Les souvenirs hérités d’un site chromosomique
Deux équipes de l’UNIGE ont découvert que la localisation d’un site spécifique des chromosomes est transmise entre deux générations, même si la partie de la protéine qui définit initialement ce site est absente dans la descendance.
Un nématode Caenorhabditis elegans entouré de descendants à différents stades (oeufs et larves). © UNIGE
L’hérédité est généralement transmise par les gènes, mais il existe des exceptions à cette règle. Deux équipes de l’Université de Genève (UNIGE) se sont intéressées à l’emplacement des centromères – des sites spécifiques au niveau des chromosomes, essentiels à la division cellulaire. Elles ont découvert que chez le petit ver Caenorhabiditis elegans, la transmission de l’emplacement correct de ces sites chez les descendants n’est pas médiée par les gènes, mais par un mécanisme de mémoire épigénétique. Ces travaux sont à lire dans la revue PLOS Biology.
Les organismes vivants, de l’homme jusqu’au ver microscopique, héritent des traits physiques et parfois comportementaux de leurs parents. Cette transmission de caractères biologiques passe en général par les molécules d’ADN qui sont répliquées à chaque division cellulaire et qui contiennent les gènes. Des caractéristiques peuvent cependant être transmises d’une génération à l’autre sans l’intermédiaire des gènes: il s’agit des phénomènes épigénétiques.
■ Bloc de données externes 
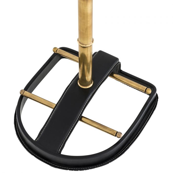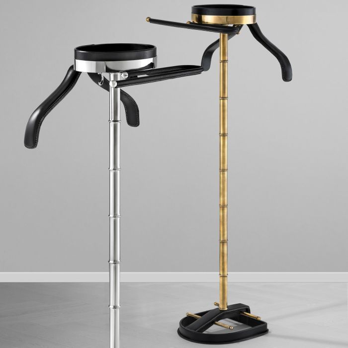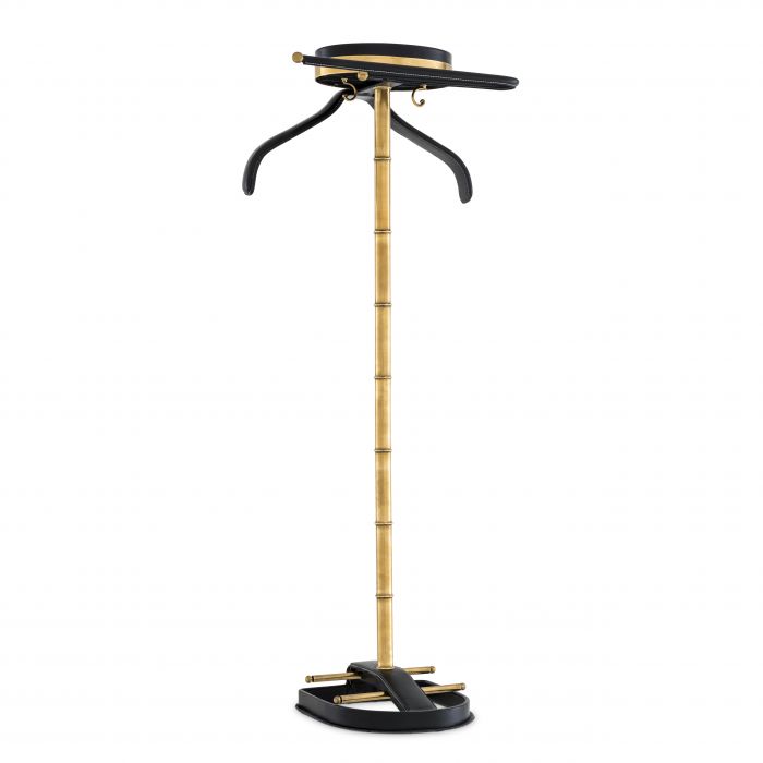 Zlatý mosadzný nemý sluha McKinsey s čiernymi koženými doplnkami.

Un organisme transparent pour observer la ségrégation des chromosomes
En s’intéressant à la séparation physique des chromosomes dans les deux cellules filles pendant la division cellulaire, des scientifiques de l’UNIGE ont pu identifier un de ces processus épigénétiques. L’équipe de Florian Steiner, professeur au Département de biologie moléculaire de la Faculté des sciences de l’UNIGE et dernier auteur de ces travaux, étudie les centromères chez le nématode Caenorhabditis elegans. Ces structures particulières au niveau des chromosomes servent de points d’ancrage à la machinerie responsable de la distribution correcte des chromosomes entre les cellules filles : un défaut dans cette répartition et les cellules filles meurent ou deviennent cancéreuses. «Étudier ces processus est grandement facilité chez C. elegans, puisque ce petit ver est transparent et permet d’observer en direct les divisions cellulaires et le destin des chromosomes d’une génération à l’autre», s’enthousiasme Reinier Prosée, chercheur au Département de biologie moléculaire de la Faculté des sciences de l’UNIGE et premier auteur de l’étude.
Une mémoire transmise uniquement à la génération suivante
L’emplacement du centromère au niveau du chromosome est défini par une protéine à laquelle les biologistes du groupe de Florian Steiner et de Monica Gotta, professeure à la Faculté de médecine de l’UNIGE, se sont intéressés. Les équipes genevoises ont découvert que la protéine se localise sur le chromosome pour définir le centromère grâce à une région particulière qui lui sert de guide. Ils/elles ont ensuite créé un mutant dont l’ADN est dépourvu du morceau codant pour cette région ‘guide’ de la protéine. «La prédiction était que ce mutant ne serait pas viable, puisque la position du centromère ne pourrait pas être définie en l’absence de ce guide de la protéine. Nous pensions que cela conduirait à une distribution incorrecte des chromosomes», explique Florian Steiner. «Et pourtant, nous avons constaté que même en l’absence de cette région ‘guide’, la protéine tronquée se positionne et fonctionne correctement. Les vers sont donc parfaitement viables!», poursuit Reinier Prosée. Il s’avère qu’une fois que les sites centromériques sont correctement définis chez la mère, cette information est transmise à la génération suivante grâce aux cellules qui ‘se souviennent’ de l’emplacement correct de ces sites, même en l’absence de la partie du gène qui code la région ‘guide’ de la protéine.
En revanche, la descendance du ver mutant est incapable d’assurer les divisions cellulaires et ne survit pas. En effet, les vers issus du mutant n’ont pas hérité de leur mère des informations concernant la position correcte des sites centromériques. Cette mémoire épigénétique particulière ne dure donc que le temps d’une génération et n’est pas transmise aux suivantes. «A présent, nous allons vérifier nos hypothèses pour expliquer le mécanisme épigénétique par lequel cette mémoire est établie et persiste au cours du développement», conclut Florian Steiner.